Анна Никитична, покраснев, покачала головой. Кайдалов уже обеими руками держался за щеку.
— Нет, нет! Только не я, — бормотал он. — Увольте, не умею я с ним… И притом зуб… чертов зуб!
— Как же вы так можете? — гневно сказала Мария Максимовна. Она с трудом села. — Анна Никитична, как же вы так можете? Разве Тоня так поступила бы? Все обижаетесь — дети к ней привязаны. А она бы с Пуртова глаз не спускала. Нет, напрасно я ее в тайгу отпустила… Ох, как она нужна здесь, как нужна!
44
Сразу за шлагбаумом показался длинный одноэтажный дом, единственный на разъезде. Он был обнесен низенькой решетчатой изгородью; перед зданием высились мачтовые лиственницы. Возле ограды, в двух шагах от полотна дороги, разместились под навесом узенькие прилавочки: изредка приисковые бабы приносили к поездам яйца, соленые огурцы, ягоду. Сейчас под навесом было пусто. Серенькая пичужка, нахохлившись, поскакивала по выщербленным доскам в поисках крошек.

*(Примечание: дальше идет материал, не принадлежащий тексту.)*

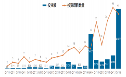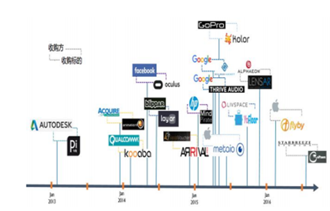 自 2013 年以來,AR 行業收購事件頻發。以谷歌、Facebook、高通等為代表的 IT 龍頭 企業紛紛利用資本力量將具有可觀前景的初創公司收購,并在 2015 年達到一個高峰。從投 資額度來看,根據 CB Insights 的統計數據顯示,2016 年一季度全球 AR/VR 行業投資總額 達 10.8 億美元,創下歷史新高。照現有趨勢,全行業的技術整合、資本整合將持續進行, 龍頭企業紛紛拋出“大手筆”的背后預示著行業爆發期即將到來。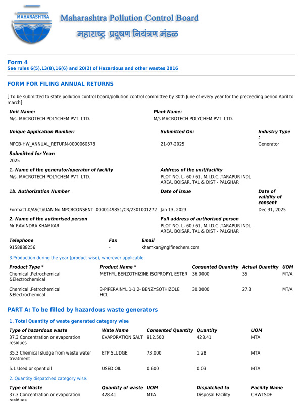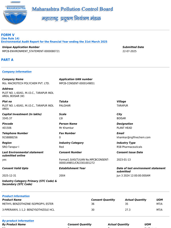At Macrotech Polychem Pvt. Ltd., we believe that a safe workplace and a healthy environment are fundamental to our operational excellence. Our EHS policy ensures that we meet all regulatory requirements while fostering a culture of safety for our employees and the surrounding community.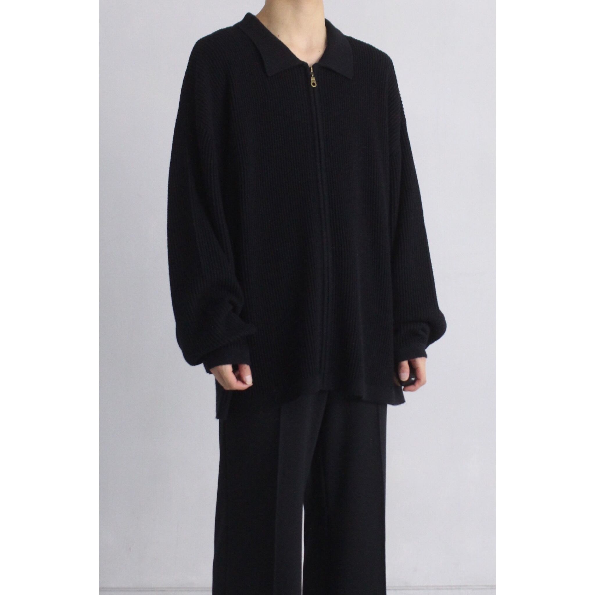 90年代頃の香港製の質の高い1着でオールニット素材。襟付きジップアップのシンプルな形ですがニット素材により上品な雰囲気が漂うジャケット。無地ながらもボディには3Dのラインデザインが入りモードすぎないカジュアルダウンなアイテム。
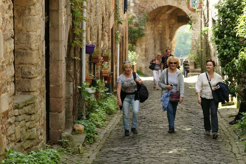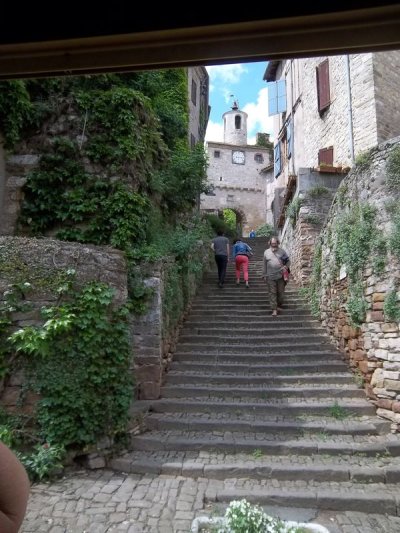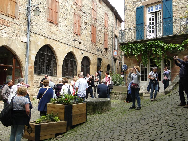 Nous déambulons dans les rue du village haut en écoutant les explications et commentaires, toujours passionnants, de la guide qui nous permet de ne rien rater de notre courte visite...Il faut en effet repartir vers notre destination du jour : Lacaune les Bains.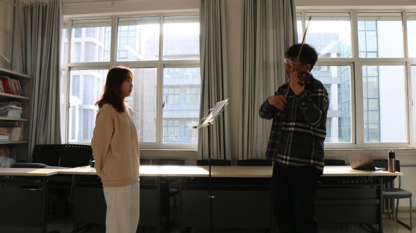 10月30日上午太阳成集团tyc151cc在文理楼306为本次参加学校青年教师讲课比赛的老师们,进行了赛前演练和指导。此次参赛的两位老师是音乐系的小提琴教师郭颂和舞蹈教师张志雄。参赛课程均属于音乐系技能类的课程。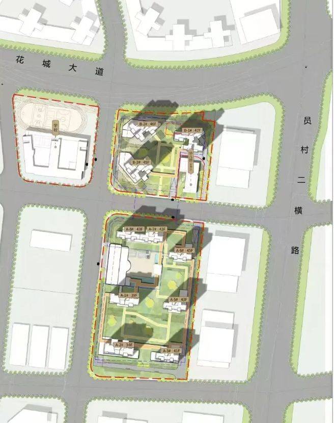 在容积率方面,项目采用南北地块差异化规划,北地块容积率约3.8,南地块容积率约3.1,经过科学测算的容积率既保证了社区的居住舒适度,又最大化利用了土地资源,南地块较低的容积率的更是为业主提供了更宽敞的居住空间、更充足的绿化和公共活动区域,大幅提升了居住的舒适度和尊崇感,避免了高密度社区的拥挤、采光差、通风不畅等问题,完美适配改善型家庭、高净值人群对高端居住的高要求。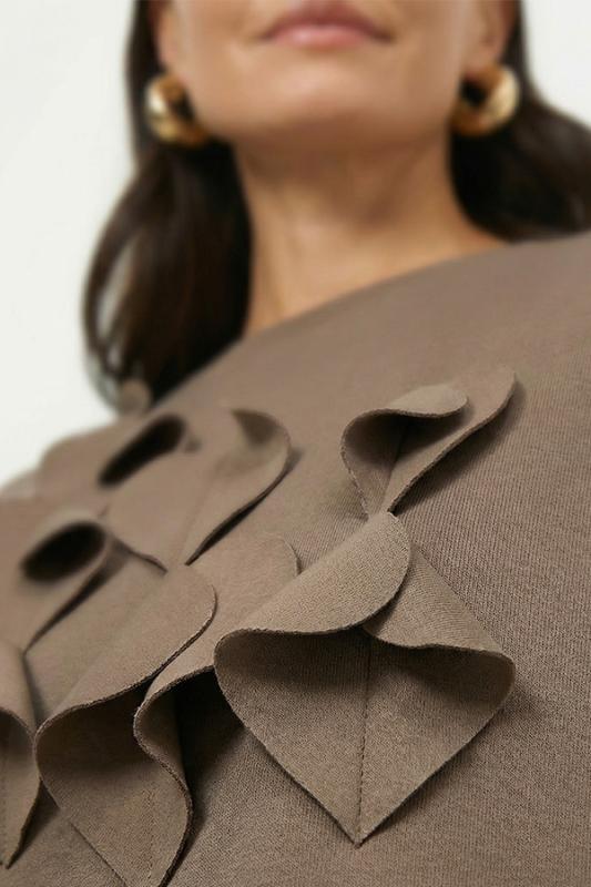 Платье свободного силуэта из ткани с крэш-эффектом, отрезное по линии талии. Нижняя части платья с воланами. Рукав-реглан до локтя. По низу рукава сборка на резину. Линия плеча и линия горловина оформлены сборкой на резину. В комплекте пояс из основной ткани. В таблице размеров представлены параметры человека, а не изделия.
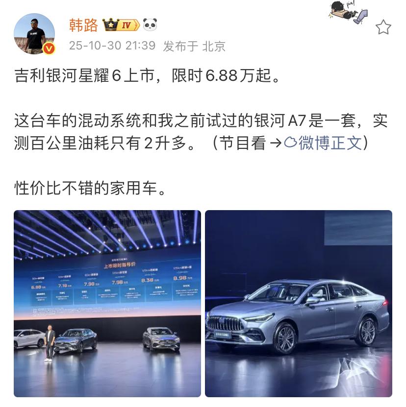 韩路:吉利银河星耀6上市,限时6.88万起!这个价格确实是杀疯了! 要知道这是混动车的价格,在前几年的时候,混动车的价格就没有低于10万的,现在不需要7万元就能到手。 而且现在某些地区还有置换补贴,把东西给搞满的话,那么此车的价格还能继续下探。 发现吉利银河这个出招真是非常猛,就是瞄准比亚迪的产品线,然后出一个价格比它更低更大的车。 各位是怎么看的?欢迎评论区留言。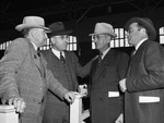 Visitors to the Southwestern Exposition and Fat Stock Show included, left to right, Craig M. Logan, superintendent of the Texas Shorthorn Cattle Association, Howard Gramlich, secretary of the Shorthorn Association, D. W. Williams, head of the animal husbandry department at Texas Agricultural and Mechanical College, and Clem Larson, field representative of the Shorthorn Association. All four men are wearing suits, cowboy hats and eyeglasses. Gramlich has his hand Williams' shoulder. Williams is holding a mostly burnt out cigar.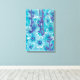 Canvas print featuring colourful floral artwork in blue shades, blooming hollyhock mallow flowers in summer garden. Tissue paper collage, pen sketch, 2019

Дима снял лыжи, тихонько обошел станционное здание. Позади здания стояла амбарушка, а за нею высокие зароды сена, скорее белые, чем желтые, — так густо были они обсыпаны снегом. Дима зарыл в сено лыжи и палки и вернулся обратно, к зданию станции. Заглянул в окошко. В крохотном коридоре — «зале ожидания», где приткнулась к стенке одна-единственная скамейка, было пусто, темно и, должно быть, холодно. Из неплотно прикрытой двери диспетчерской струился в зал неяркий свет. Но вот из диспетчерской вышел начальник разъезда. Дима перескочил через заплот и спрятался за лиственницей.
— Правильно народ прозвал — «пятьсот-веселый», — сказал самому себе начальник разъезда: — То стоит, как чурка, то бежит, словно одурел.
Дима понял: это о поезде. Скоро, значит, придет. Неслышно ступая по мерзлой земле, он перебежал к другому концу здания, ближе к навесу, и тут чуть-чуть не напоролся на тетю Дусю — мать Сени Чугунка. Она доставала из мешка и раскладывала на прилавочке большие круги мороженного молока. Белые, словно сахарные, в желтых наплывах сливок, они казались необыкновенно вкусными. Тетя Дуся все доставала своими большими руками круг за кругом, и мешок не худел — сколько их там! «Чужим горем кормится», — вспомнил вдруг Дима злые слова матери.